» **Exercise data**
•••
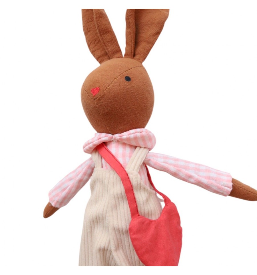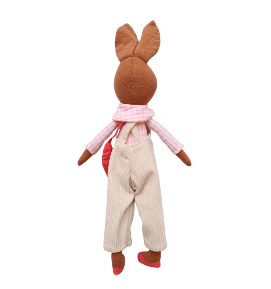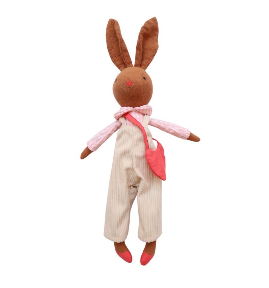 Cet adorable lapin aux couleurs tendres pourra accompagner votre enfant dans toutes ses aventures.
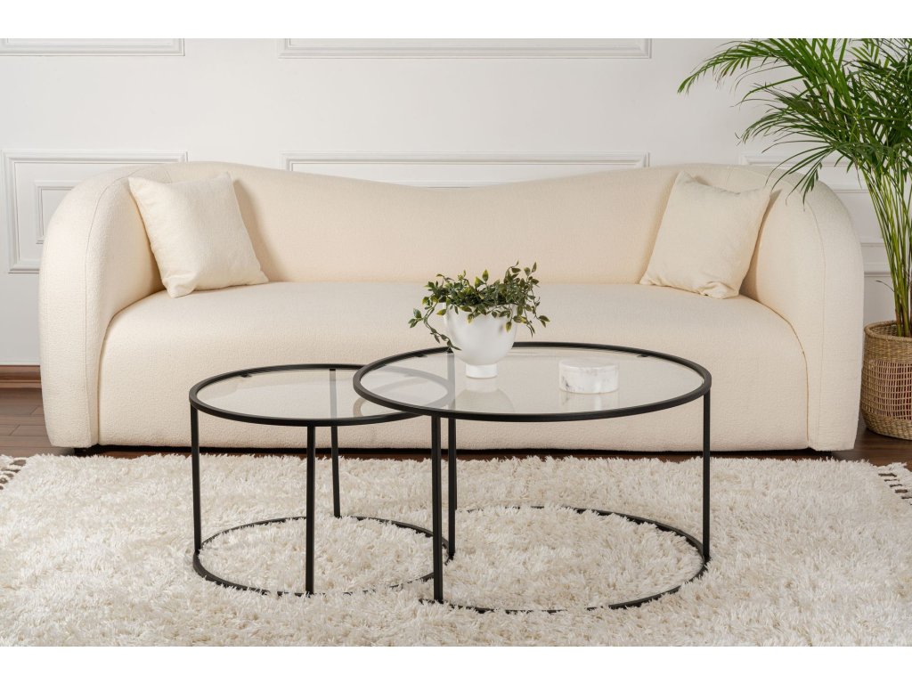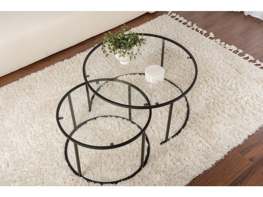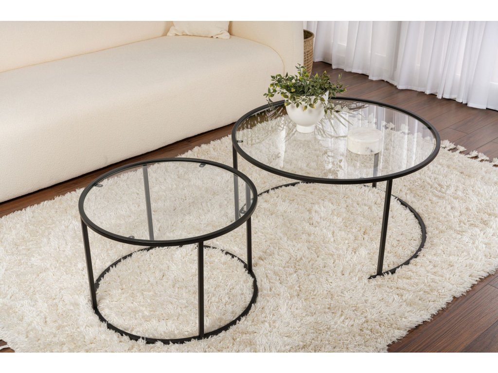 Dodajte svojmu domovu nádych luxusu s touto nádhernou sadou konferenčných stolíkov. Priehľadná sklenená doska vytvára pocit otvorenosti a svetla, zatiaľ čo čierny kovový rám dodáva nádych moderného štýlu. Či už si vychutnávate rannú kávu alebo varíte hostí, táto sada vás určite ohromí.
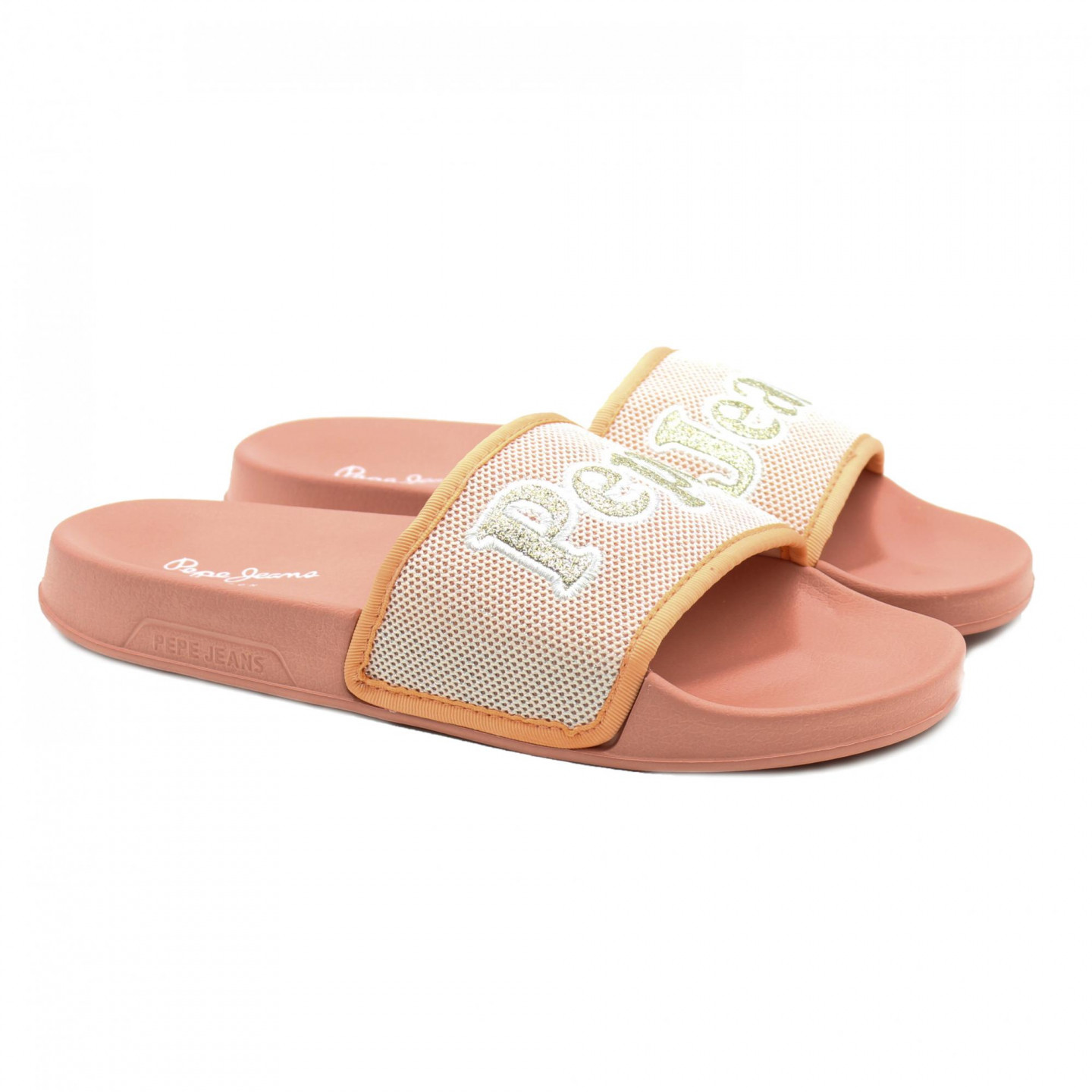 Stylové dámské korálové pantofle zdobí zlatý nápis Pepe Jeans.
•••
» **What the task asks**
Pictures are not part of the copy. Please reproduce the material word for word.

» **Exercise response**
 Cet adorable lapin aux couleurs tendres pourra accompagner votre enfant dans toutes ses aventures.
 Dodajte svojmu domovu nádych luxusu s touto nádhernou sadou konferenčných stolíkov. Priehľadná sklenená doska vytvára pocit otvorenosti a svetla, zatiaľ čo čierny kovový rám dodáva nádych moderného štýlu. Či už si vychutnávate rannú kávu alebo varíte hostí, táto sada vás určite ohromí.
 Stylové dámské korálové pantofle zdobí zlatý nápis Pepe Jeans.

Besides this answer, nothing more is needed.